> **AIM OF THE TASK**: Transcribe exactly the lines from the first line of the records through the line containing "Ваши действия будут", and leave out every picture.

> **Stored records**:
########################################

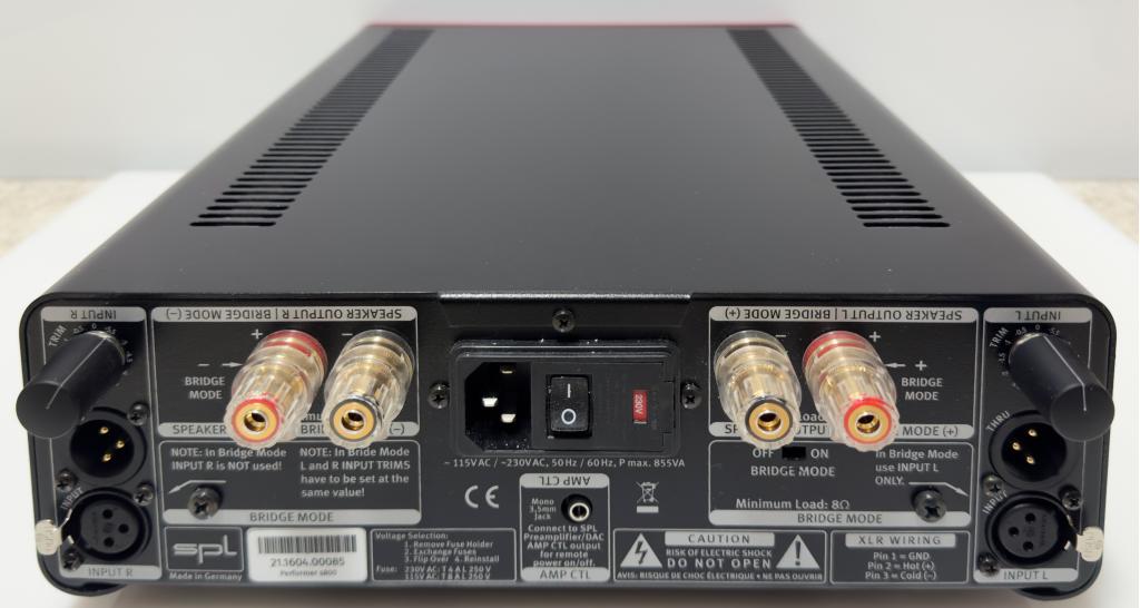Die Endstufe kann über ein Klinkenkabel vom SPL Vorverstärker aus eingeschaltet werden, verfügt aber auch hinten über einen Netzschalter um sie komplett abzuschalten.
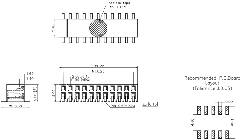 絕緣材料:PBT,尼龍,LCP,UL 94V-0
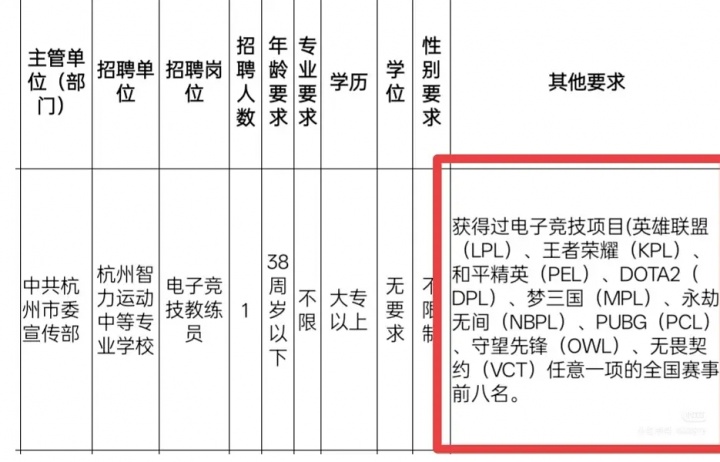 电竞教练的要求对比常见事业编明显放宽不少,年龄38周岁以下,学历大专以上,电竞能力要求LOL、DOTA2、王者荣耀、梦三国、永劫无间、PUBG、守望先锋、无畏契约等游戏在国内联赛有过前八的成绩。
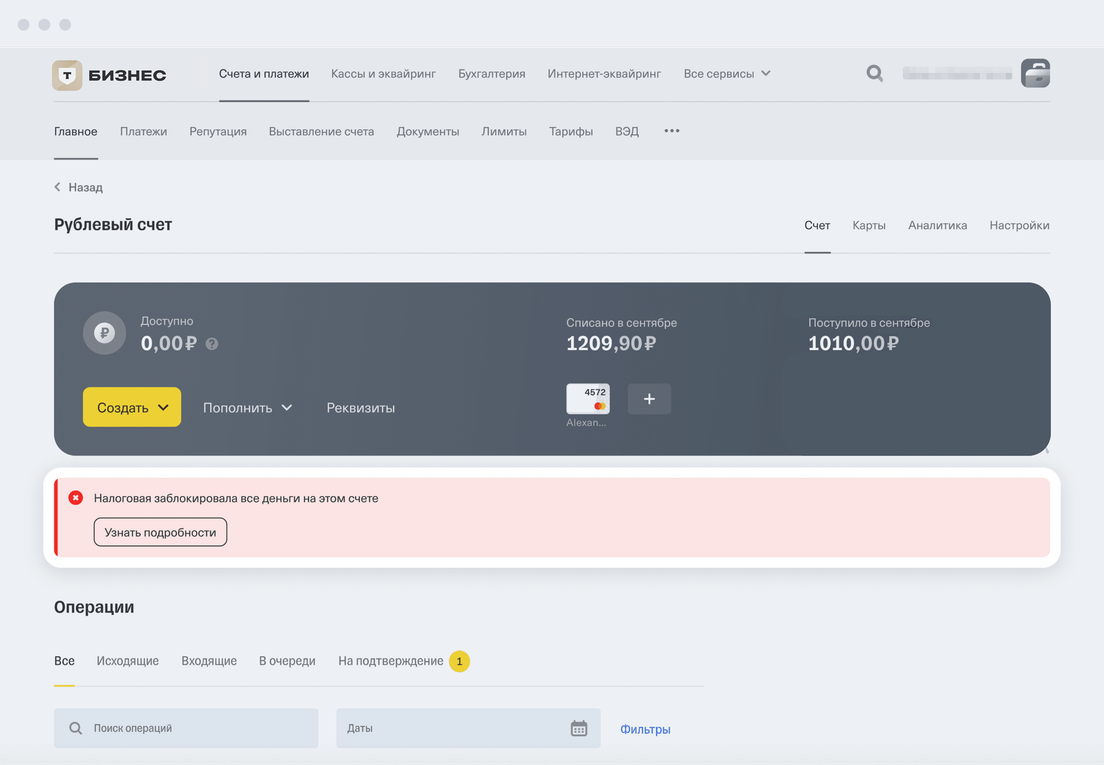 Ваши действия будут зависеть от того, заблокировала ли налоговая определенную сумму или все деньги на счете. Чтобы узнать это, в приложении или личном кабинете Т‑Бизнеса нажмите на счет, около которого есть уведомление о блокировке.
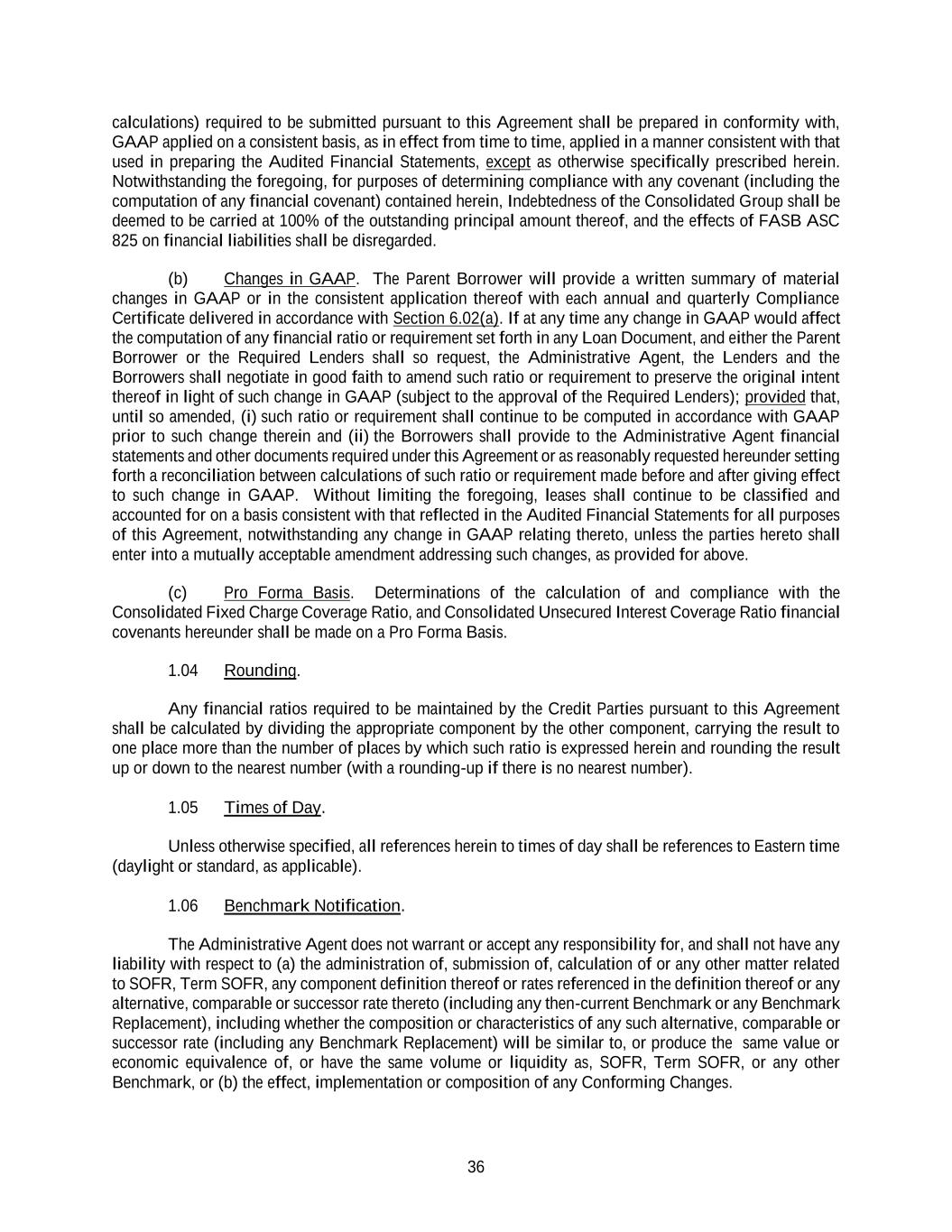 36 calculations) required to be submitted pursuant to this Agreement shall be prepared in conformity with, GAAP applied on a consistent basis, as in effect from time to time, applied in a manner consistent with that used in preparing the Audited Financial Statements, except as otherwise specifically prescribed herein. Notwithstanding the foregoing, for purposes of determining compliance with any covenant (including the computation of any financial covenant) contained herein, Indebtedness of the Consolidated Group shall be deemed to be carried at 100% of the outstanding principal amount thereof, and the effects of FASB ASC 825 on financial liabilities shall be disregarded. (b) Changes in GAAP. The Parent Borrower will provide a written summary of material changes in GAAP or in the consistent application thereof with each annual and quarterly Compliance Certificate delivered in accordance with Section 6.02(a). If at any time any change in GAAP would affect the computation of any financial ratio or requirement set forth in any Loan Document, and either the Parent Borrower or the Required Lenders shall so request, the Administrative Agent, the Lenders and the Borrowers shall negotiate in good faith to amend such ratio or requirement to preserve the original intent thereof in light of such change in GAAP (subject to the approval of the Required Lenders); provided that, until so amended, (i) such ratio or requirement shall continue to be computed in accordance with GAAP prior to such change therein and (ii) the Borrowers shall provide to the Administrative Agent financial statements and other documents required under this Agreement or as reasonably requested hereunder setting forth a reconciliation between calculations of such ratio or requirement made before and after giving effect to such change in GAAP. Without limiting the foregoing, leases shall continue to be classified and accounted for on a basis consistent with that reflected in the Audited Financial Statements for all purposes of this Agreement, notwithstanding any change in GAAP relating thereto, unless the parties hereto shall enter into a mutually acceptable amendment addressing such changes, as provided for above. (c) Pro Forma Basis. Determinations of the calculation of and compliance with the Consolidated Fixed Charge Coverage Ratio, and Consolidated Unsecured Interest Coverage Ratio financial covenants hereunder shall be made on a Pro Forma Basis. 1.04 Rounding. Any financial ratios required to be maintained by the Credit Parties pursuant to this Agreement shall be calculated by dividing the appropriate component by the other component, carrying the result to one place more than the number of places by which such ratio is expressed herein and rounding the result up or down to the nearest number (with a rounding-up if there is no nearest number). 1.05 Times of Day. Unless otherwise specified, all references herein to times of day shall be references to Eastern time (daylight or standard, as applicable). 1.06 Benchmark Notification. The Administrative Agent does not warrant or accept any responsibility for, and shall not have any liability with respect to (a) the administration of, submission of, calculation of or any other matter related to SOFR, Term SOFR, any component definition thereof or rates referenced in the definition thereof or any alternative, comparable or successor rate thereto (including any then-current Benchmark or any Benchmark Replacement), including whether the composition or characteristics of any such alternative, comparable or successor rate (including any Benchmark Replacement) will be similar to, or produce the same value or economic equivalence of, or have the same volume or liquidity as, SOFR, Term SOFR, or any other Benchmark, or (b) the effect, implementation or composition of any Conforming Changes.
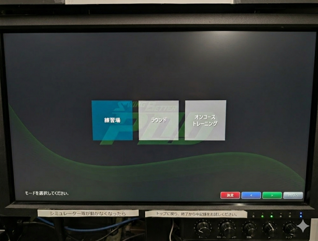 →いわゆるシミュレーションゴルフ、シミュレーションラウンドです。コースを選択し、プレーホール数、ティグラウンドなどを選択して、ラウンドします。
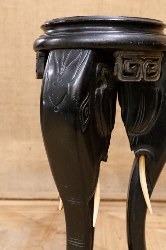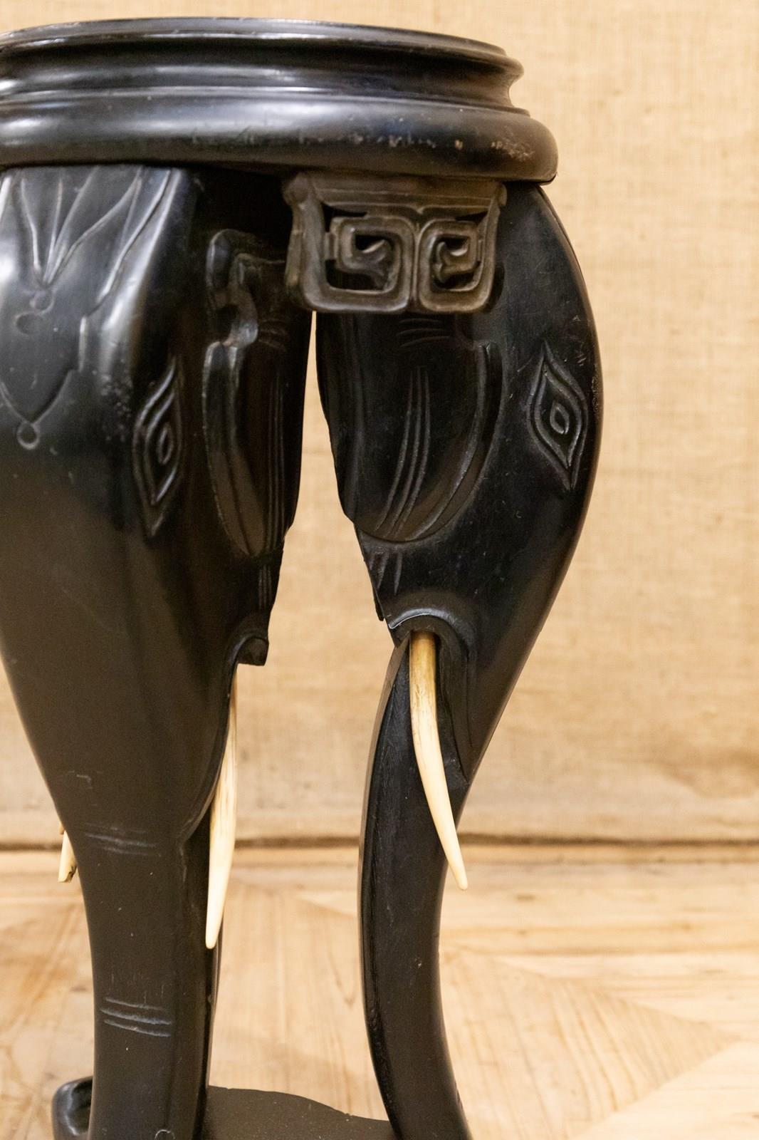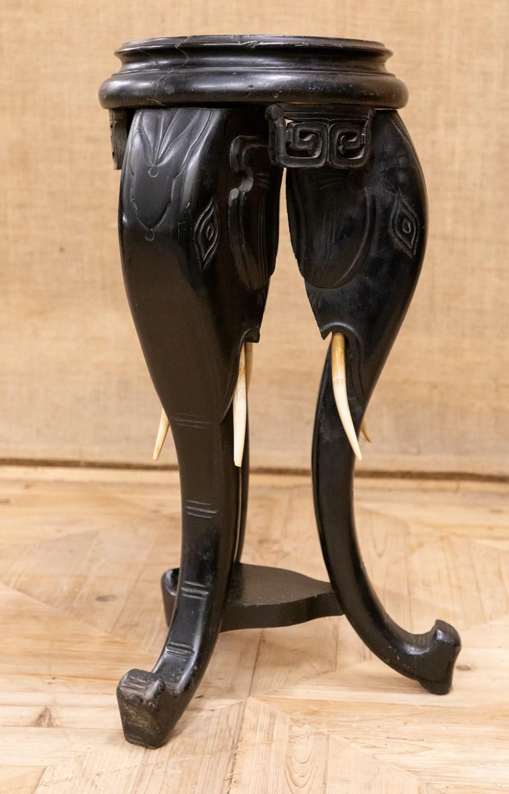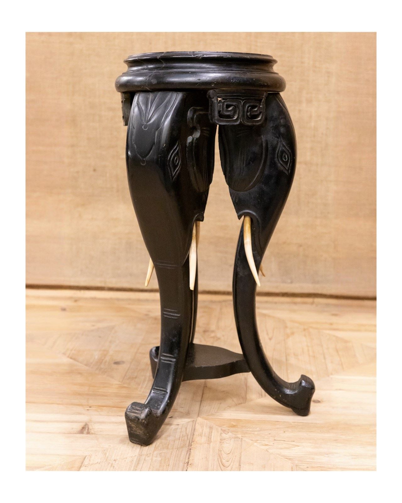 A stunning 19th century ebonised pedestal formed of three carved elephants heads resting on their trunks very much in the style of Gabriel Viardot. With the original ebonised finish and retain gin al the original carved and painted wooden tusks.
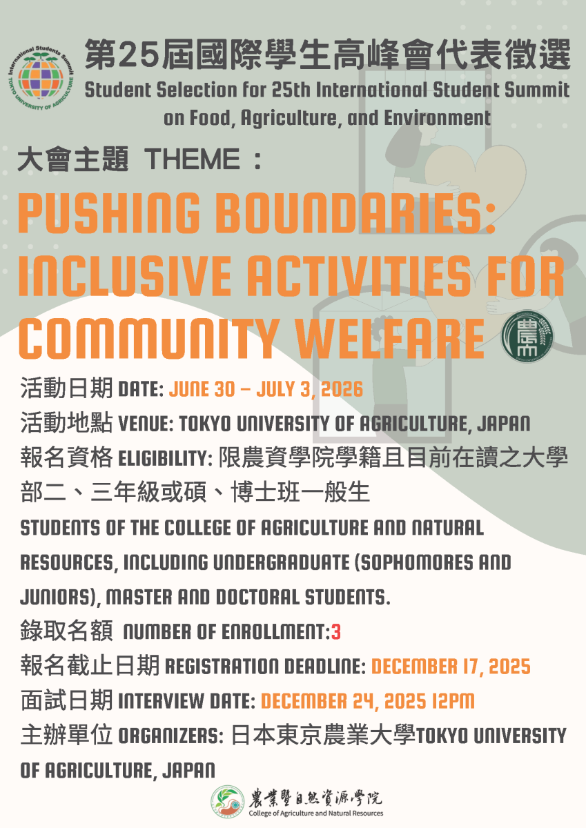國立中興大學農業暨自然資源學院---【實習徵才-截至12月17日】日本東京農業大學-第25屆國際學生高峰會代表徵選
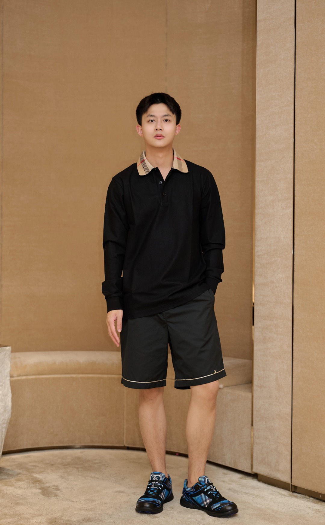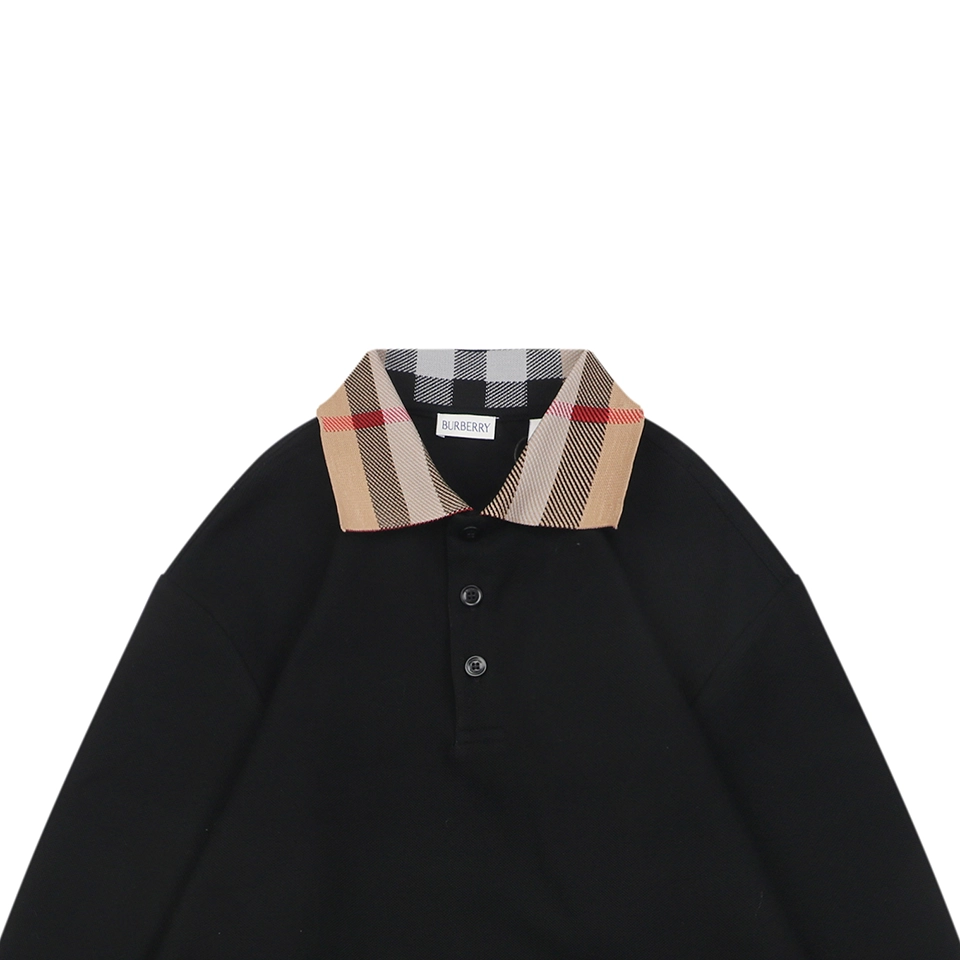 The BBry Check Collar Polo Shirt combines clean minimalism with a nod to British heritage. Made from premium cotton in a sleek black finish, the design is defined by its iconic vintage check collar that adds contrast and unmistakable identity. Ribbed cuffs and a classic placket complete this versatile piece, ideal for layering or stand-alone wear.
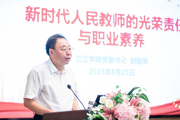吴中江作了主题为“争做‘四有’好老师当好四个‘引路人’”的培训。他从best365官方网站创新创业的发展历程角度,阐明了“创业奋斗”始终是三江办学兴校的精神内核、“服务国家”始终是三江办学兴校的重要使命、“改革创新”始终是三江办学兴校的根本动力、“立德树人”始终是三江办学兴校的根本任务、“人才队伍”始终是三江办学兴校的重要保障。他围绕best365官方网站未来发展的紧迫任务这一主题,介绍了学校“十四五”规划确定强内涵、升层次、进前列的“三步走”总体战略,为确保“三步走”战略顺利推进,强调着力抓好强基础、建特色、升层次“三大建设”任务,做好进一步提高人才培养质量、进一步彰显应用型办学特色、进一步提升人才队伍水平、进一步增强服务发展能力四个方面的重点任务。他希望新入职教师始终牢记习近平总书记做“四有好老师”的要求,坚持教书和育人相统一、言传和身教相统一、潜心问道和关注社会相统一、学术自由和学术规范相统一,做学生锤炼品格的引路人,做学生学习知识的引路人,做学生创新思维的引路人,做学生奉献祖国的引路人,用智慧和勇气担当起立德树人的神圣职责,共同谱写best365官方网站改革发展的新篇章。
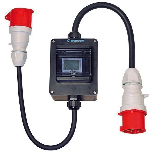 WALTHER CEE Stromzähler-Leitung UniBoxnach IEC 61439-Teil 1 und 4Gehäuse (64Z) aus unzerbrechlichem, alterungs-, säuren- und laugenbeständigem Vollgummi Farbe: schwarz alle außenliegenden Metallteile sind aus EdelstahlSchutzklasse IISchutzart: IP44Größe ca.: 85 x 130 x 160mm / H-B-T Anschluss:1,5 Meter Anschlussleitung H07RN-F5G6 mit CEE-Stecker 32A 5P 400V 6h Abgänge/ Absicherung:1 elektronischer Wechselstromzähler MID beglaubigt1,5 Meter Anschlussleitung H07RN-F5G6 mit CEE-Kupplung 32A 5P 400V 6h Uni-Box nach DIN EN 61439:stückgeprüftanschlussfertig verdrahtetBemessungsstrom: 32A
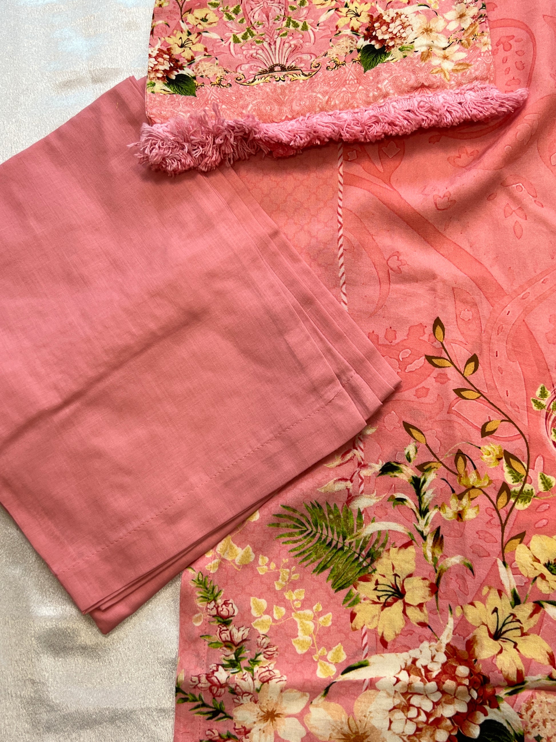 Top Lawn cotton Digital printed....Embroidery on Neck...... extra lace detailing sleeves and daman....
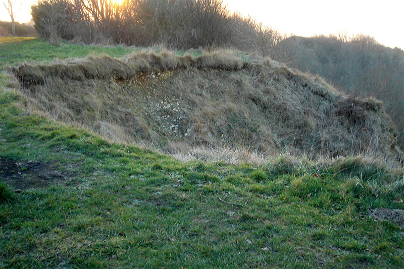 Sommet de la niche d’arrachement d’un des nombreux glissements affectant la craie cénomanienne au sommet des falaises des Vaches Noires, à Auberville.
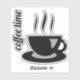 A pack with two simple vinyl stickers for coffee lovers . One says "coffee time" the other is a vector drawing of a black and grey coffee mug . They're perfect to decorate your laptop .

########################################

> **EXPECTED OUTPUT**:
Die Endstufe kann über ein Klinkenkabel vom SPL Vorverstärker aus eingeschaltet werden, verfügt aber auch hinten über einen Netzschalter um sie komplett abzuschalten.
 絕緣材料:PBT,尼龍,LCP,UL 94V-0
 电竞教练的要求对比常见事业编明显放宽不少,年龄38周岁以下,学历大专以上,电竞能力要求LOL、DOTA2、王者荣耀、梦三国、永劫无间、PUBG、守望先锋、无畏契约等游戏在国内联赛有过前八的成绩。
 Ваши действия будут зависеть от того, заблокировала ли налоговая определенную сумму или все деньги на счете. Чтобы узнать это, в приложении или личном кабинете Т‑Бизнеса нажмите на счет, около которого есть уведомление о блокировке.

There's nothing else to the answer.